Wednesday 6 May 2015

The Whirlwind

And with that the Whirlwind had gone.

Living life with a travelling husband is taking some time in adjustment. A new sales role, in a territory that covers all of New South Wales and ACT, has taken Mr D away from the family home for longer than he has ever been before. Coupled with that, a Sydney house that needed work before advertising on the rental market and you have a family with the shadow of Mr D that occasionally appears on small backlit screens before bedtime.

Let me clarify, that this arrangement doesn't please him, in fact, I think he misses his family more than I do when I'm away (or maybe I'm just not away often enough to miss them) and always pines for the day when he can be at home and enjoy spending time with us.

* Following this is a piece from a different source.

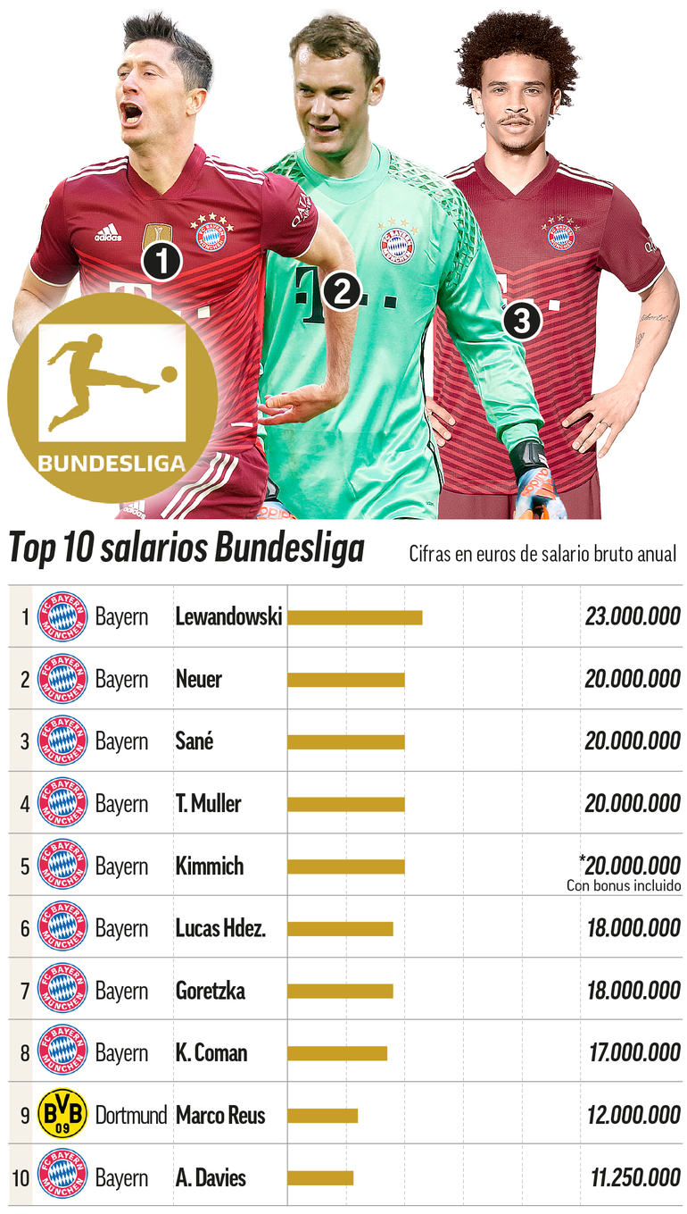 En Alemania, la estrella con el mejor contrato es el polaco Robert Lewandowski, con 23 millones de euros. En el Top 10 de la Bundesliga, nueve son jugadores del Bayern Múnich, a excepción de Marco Reus, del Borussia Dortmund, quien figura noveno en la tabla con 12 millones de euros.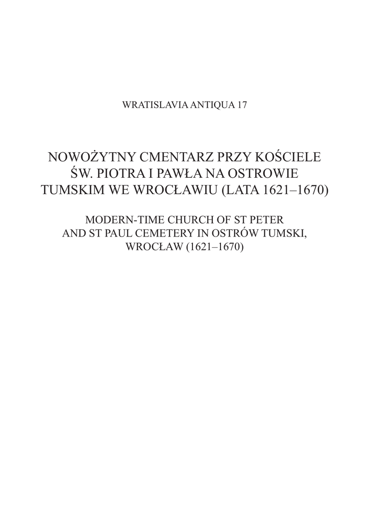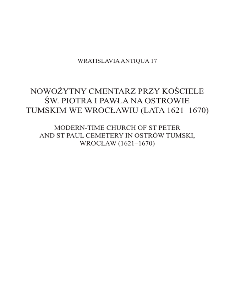 WRATISLAVIA ANTIQUA 17 NOWOŻYTNY CMENTARZ PRZY KOŚCIELE ŚW. PIOTRA I PAWŁA NA OSTROWIE TUMSKIM WE WROCŁAWIU (LATA 1621–1670) MODERN-TIME CHURCH OF ST PETER AND ST PAUL CEMETERY IN OSTRÓW TUMSKI, WROCŁAW (1621–1670) ZESPÓŁ DO BADAŃ ŚREDNIOWIECZNEGO I NOWOŻYTNEGO WROCŁAWIA RESEARCH TEAM FOR STUDIES ON MEDIEVAL AND EARLY MODERN WROCŁAW WRATISLAVIA ANTIQUA STUDIA Z DZIEJÓW WROCŁAWIA STUDIES ON THE HISTORY OF WROCŁAW 17 Komitet Redakcyjny Edited by Krzysztof Wachowski Jan Klápště Stephan Krabath Marta Młynarska-Kaletynowa Jerzy Piekalski UNIWERSYTET WROCŁAWSKI Instytut Archeologii NOWOŻYTNY CMENTARZ PRZY KOŚCIELE ŚW. PIOTRA I PAWŁA NA OSTROWIE TUMSKIM WE WROCŁAWIU (LATA 1621–1670) MODERN-TIME CHURCH OF ST PETER AND ST PAUL CEMETERY IN OSTRÓW TUMSKI, WROCŁAW (1621–1670) REDAKCJA ALEKSANDRA PANKIEWICZ WROCŁAW 2012 Recenzent: Krzysztof Wachowski Opracowanie redakcyjne i korekta: Karol Bykowski Tłumaczenie na j. angielski: Marlena Ryl-Zalewska, Karolina Pajzert Opracowanie techniczne i skład komputerowy: Marek J. Battek Projekt okładki: Barbara Kaczmarek Rycina na okładce: Plan Wrocławia z 1652 r. Weinerów według reprodukcji J. Partscha z 1826 r. (za: Wrocław na planach XVI–XX wiek, Wrocław 1999) ISBN 978-83-61416-88-3 Uniwersytet Wrocławski Instytut Archeologii Wydanie książki dofinansowano ze środków Ministra Kultury i Dziedzictwa Narodowego © Copyright by Uniwersytet Wrocławski Wrocław 2012 Nakład: 200 egz. Druk i oprawa: Wrocławska Drukarnia Naukowa PAN im. St. Kulczyńskiego, Sp. z o.o. 53-505 Wrocław, ul. Lelewela 4 4 SPIS TREŚCI Aleksandra Pankiewicz Wstęp ........................................................................................................................................................7 I. NOWOŻYTNY CMENTARZ PRZY KOŚCIELE ŚW. PIOTRA I PAWŁA NA OSTROWIE TUMSKIM WE WROCŁAWIU Aleksandra Pankiewicz, Kamila Marcinkiewicz Cmentarz przy kościele św. Piotra i Pawła we Wrocławiu ....................................................................13 Magdalena Wojcieszak Cmentarz św. Piotra i Pawła na Ostrowie Tumskim w świetle ksiąg parafialnych................................47 Aleksandra Pankiewicz, Jacek Witkowski Dewocjonalia barokowe odkryte na cmentarzysku przy kościele św. Piotra i Pawła na Ostrowie Tumskim we Wrocławiu.........................................................................................................................49 Barbara Kwiatkowska, Natalia Szymczak Analiza antropologiczna kości ludzkich z badań przy kościele św. Piotra i Pawła na Ostrowie Tumskim we Wrocławiu.........................................................................................................................69 II. ŻYCIE WOKÓŁ CMENTARZA – KULTURA MATERIALNA MIESZKAŃCÓW OSTROWA TUMSKIEGO W ŚREDNIOWIECZU I OKRESIE NOWOŻYTNYM Jakub Sawicki Elementy stroju i pasa oraz fragmenty opraw ksiąg z ul. Katedralnej 4 we Wrocławiu ........................97 Paweł Duma Numizmaty z badań przy kościele św. Piotra i Pawła na Ostrowie Tumskim we Wrocławiu ............ 111 Jakub Sawicki Stracony Czas. Fragment XVI-wiecznego norymberskiego zegarka dyptykowego z Wrocławia .......119 Maksym Mackiewicz Nowożytna ceramika artystyczna z badań archeologicznych przy kościele św. Piotra i Pawła na Ostrowie Tumskim we Wrocławiu ..................................................................................................129 Joanna Chudziak, Fajki ceramiczne z ul. Katedralnej 4 we Wrocławiu ....................................................161 Krzysztof Jaworski Obróbka surowca kościanego w średniowieczu i czasach nowożytnych w zachodniej części Ostrowa Tumskiego we Wrocławiu. Materiały z posesji przy ul. Katedralnej 4 .................................165 5 Aleksander Chrószcz, Maciej Janeczek Wstępna ocena szczątków kostnych zwierząt ze stanowiska archeologicznego przy ul. Katedralnej 4 na Ostrowie Tumskim we Wrocławiu ..............................................................205 Ewa Lisowska Średniowieczne i nowożytne wyroby z kamienia odkryte podczas badań przy ulicy Katedralnej 4 we Wrocławiu ......................................................................................................................................223 Piotr Gunia Charakterystyka petrograficzna zabytków kamiennych pochodzących z badań archeologicznych przy ulicy Katedralnej 4 we Wrocławiu ...............................................................................................239 Aleksandra Pankiewicz Podsumowanie......................................................................................................................................255 Aleksandra Pankiewicz Summary ..............................................................................................................................................259 6

So hence the aforementioned 'adjustment'. We both are treading new ground in this arrangement and having to change our ways slightly to accommodate the new normal. Rather than family time at the end of each day, all our family time has to happen during the days that Dad is home, which is mostly weekends.

Let me give you a little background on the dynamics. I'm not a control freak. Housework is there to be done if it really needs doing, and if it can wait till tomorrow then all the better. There are a million things that are mentally captivating for me than putting random things in their places (again, for the fortieth time that week) and cleaning bench tops. I don't mind cooking (baking is probably my favourite task in the kitchen) but please don't ask me to decide what to make for dinner. Again. Cheese toasties sound good, don't they?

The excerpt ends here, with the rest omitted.